Serendipias con café
Micro conversación.
La vida tiene formas muy peculiares de guiarnos, de hacernos tropezar con situaciones o personas que, al principio, parecen simplemente cosa del azar. Pero luego, cuando nos detenemos a pensarlo, podemos darnos cuenta de que el hilo invisible que conecta esos momentos no es tan aleatorio como parece. Que en ese caos tan perfectamente orquestado, está trabajando la serendipia: haciendo de esos pequeños milagros disfrazados de casualidades unas señales que te golpean la cara cuando menos las esperas.
Es curioso cómo algo tan pequeño puede cambiar la dirección de tu día, o incluso de tu vida. Como ese café improvisado que decidí tomar en una cafetería random un día cualquiera de Enero, porque el horario me lo permitía y la vida me empujaba a ir allí, sin ninguna razón aparente. Me senté y ahí estaba él. Un hombre que, hasta ese momento, no existía en mi radar. Pero ese día, el café y unas pocas ganas de conversar decidieron que íbamos a cruzarnos algunas veces más. Hablamos de todo un poco, sin importancia real, pero con una fluidez que nunca creí que existiera entre dos desconocidos. ¿Serendipia? Puede ser.
Esos encuentros que parecen accidentes, son como destellos. Aparecen, iluminan un rincón oscuro de nuestra rutina y se desvanecen antes de que podamos entender su verdadero propósito. El hecho de que todo se haya alineado para que dos caminos se crucen, sin que ninguna de las partes lo planee, tiene algo mágico. Lo bueno es que siempre queda algo: una reflexión, una sensación de que las piezas del rompecabezas, aunque dispersas, de alguna manera encajan.
Para mí, tiene mucho que ver con esas pequeñas decisiones que tomamos sin pensar. A veces, la maquinaria del destino parece ponerse en marcha sólo cuando nos relajamos y dejamos que las cosas fluyan. Es como cuando, de repente, encuentras ese libro en una estantería olvidada, un libro que necesitabas sin saberlo. O esa canción que pone en palabras justo lo que estás sintiendo. Son esos momentos en los que sientes que el universo te está guiando de una manera que no comprendes completamente, pero que, de alguna manera, le da sentido.

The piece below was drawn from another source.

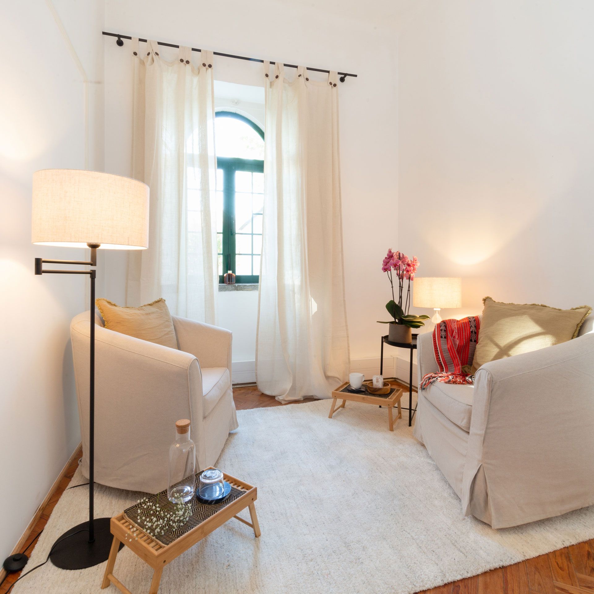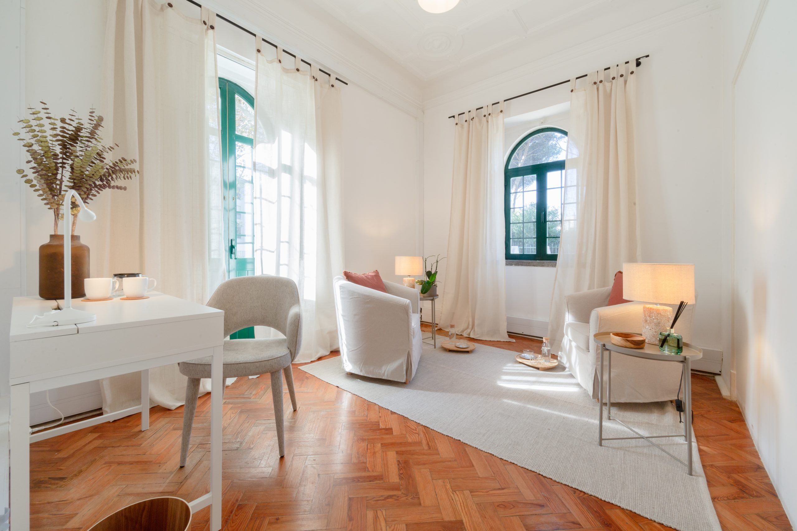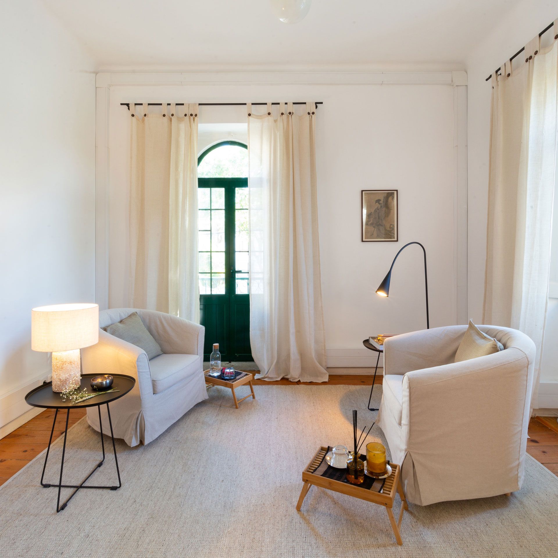 Todas as salas têm uma bonita luz natural e estão decoradas com uma atmosfera serena e confortável, definida por materiais naturais e um estilo minimalista.

Nunca sabes cuándo va a aparecer. Está ahí, al acecho, esperando que el caos de tu vida cotidiana se acomode en el momento exacto para que algo inesperado ocurra. Es encontrar una respuesta a una pregunta que no sabías que tenías. Sin embargo, es tan fácil ignorarla. Nos encasillamos en nuestros propios planes, en nuestras rutinas bien establecidas. Pero esos pequeños milagros ocurren, vaya si ocurren. Es un flash que ilumina todo, aunque sea por un segundo, dejándote con la sensación de que todo tiene un propósito más grande, aunque no lo veamos.
Mi vida no siempre es perfecta ni predecible, ni mucho menos. Pero en esos momentos en los que, sin quererlo, las cosas empiezan a encajar, algo dentro de mí se relaja. Hay algo reconfortante en saber que, aunque a veces todo parezca un caos, tiene un propósito, aunque sea pequeño y casi imperceptible. Quizás esa es la verdadera esencia de la serendipia: confiar en que las cosas suceden cuando tienen que suceder, y aprender a estar presente cuando lo hacen. Esos momentos inesperados, esas conexiones fortuitas, nos enseñan a estar más atentos, más abiertos a lo que nos rodea. Son recordatorios de que, aunque no siempre tenemos el control, la vida tiene una forma de hablarnos y una manera de llevarnos exactamente a donde necesitamos estar.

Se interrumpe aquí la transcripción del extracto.